REDBUBBLE HAS BURST
THREE months after seeing the glass slightly half full, online arts marketplace Redbubble has cut back on full-year earnings expectations because of growing competition and shipping costs.
On Tuesday, Redbubble said first-half reported marketplace revenue would come in at $288m, down 18 per cent year-on-year and also off 18 per cent on a constant-currency basis. Full-year earnings before interest, taxes, depreciation and amortisation (EBITDA) margin as a per cent of marketplace revenue was now expected to be “negative low-single digits”.

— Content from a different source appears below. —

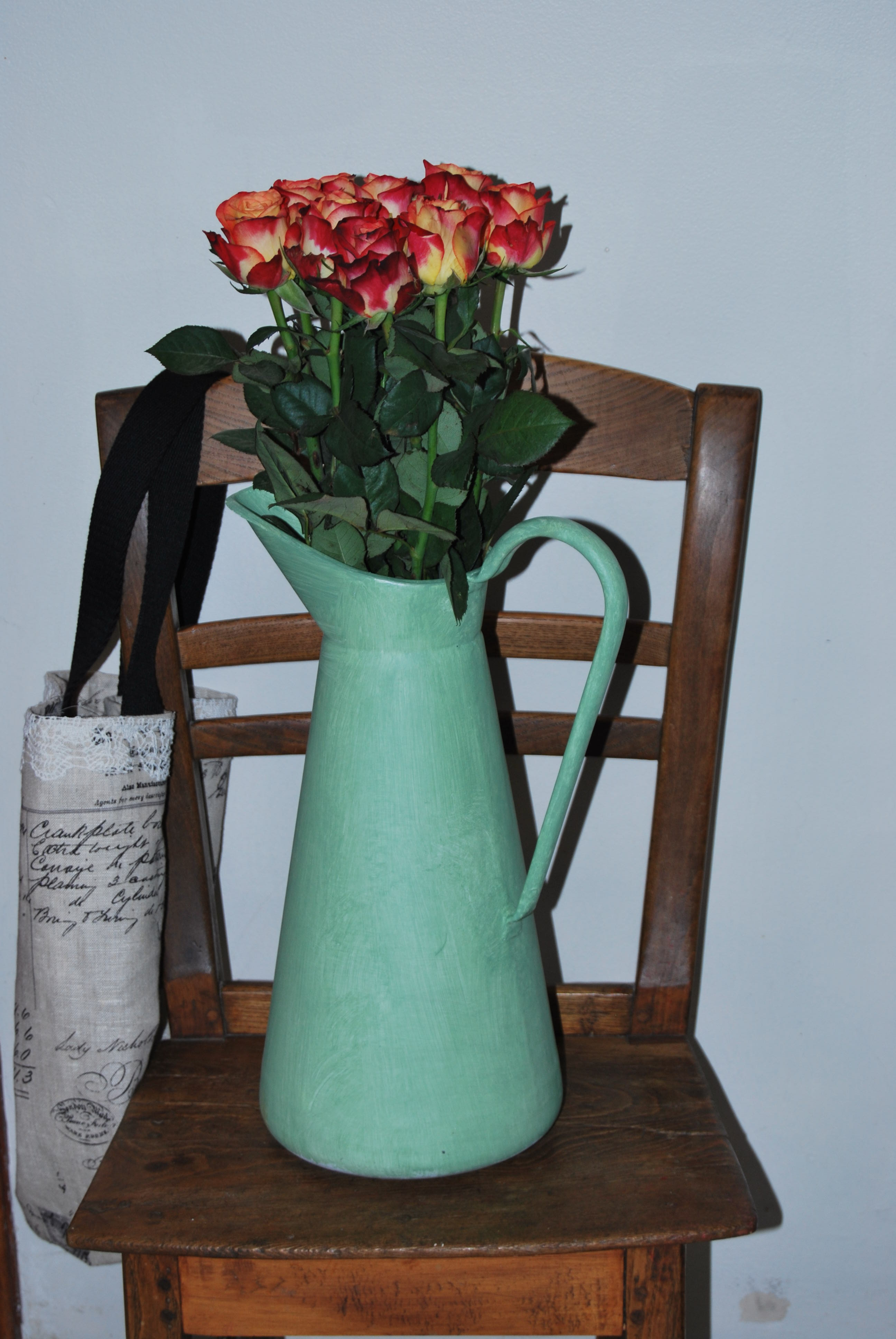 Enfin, une vieille cruche en fer émaillé blanc cerclée à l’origine de fins traits bleus sur le bec qui manquait d’allure (j’entends encore les commentaires peu élogieux de notre fille : « quoi, vous avez acheté « ça  » ?… c’est moche !!!) et repeint avec un beau vert « avocat », nouveauté Eleonore Deco, il y manque encore une petite couche de couleur, un peu de pochoir et de vitrificateur pour être achevé mais … la fête des mères de ce dimanche m’ayant fait don d’un beau bouquet de roses, je n’ai pu résister à l’inaugurer tel quel … et je trouve l’ensemble assez esthétique :
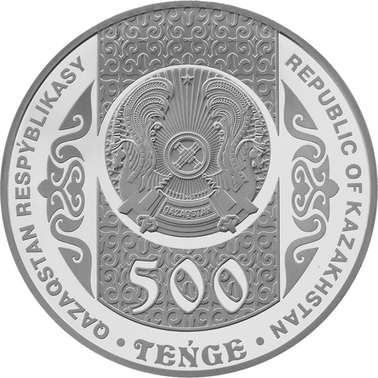 The central coat of arms of Kazakhstan is flanked by national ornament, encircled by the inscriptions "QAZAQSTAN RESPÝBLIKASY" and "REPUBLIC OF KAZAKHSTAN," with the coin's denomination at the bottom.

EBITDA for the half year has dived 84 per cent to $8m, with the margin being 2.8 per cent. Shares in the company dived more than 22 per cent on the news and closed at $2.32 on Tuesday.
Growth transaction value (GTV) for Redbubble – used by 800,000 artists and creators to sell their artwork on everything from T-shirts to cushions – is expected to come in at $381m, down 14 per cent yearon-year.
Redbubble is expecting gross profit of $108m, down 25 per cent year-on-year.
The group’s October update had flagged a slightly higher revenue outlook because it was “continuing to retain the majority of the accelerated revenue growth” it saw in the previous financial year in the form of surging mask and homeware sales.
“Going back a year ago, we had some real Covid-19 winners,” chief executive Michael Ilczynski said.
”We saw that homewares grew way over 100 per cent year-on-year. But those areas that really took off, like homewares, wall art and masks, have come right back.”
Excluding masks, and on a paid basis, underlying marketplace revenue will be $283m, down 5 per cent compared to the previous year. Mr Ilczynski said the “medium-term aspiration” was to boost GTV to more than $1.5bn, artist revenue to $250m and to produce marketplace revenue of $1.25bn a year.
“So we’ve got a lot of work to do in a lot of areas, but I think that continues to be the positive for us,” he said. “We can see all of the opportunities – our job is to go after them.”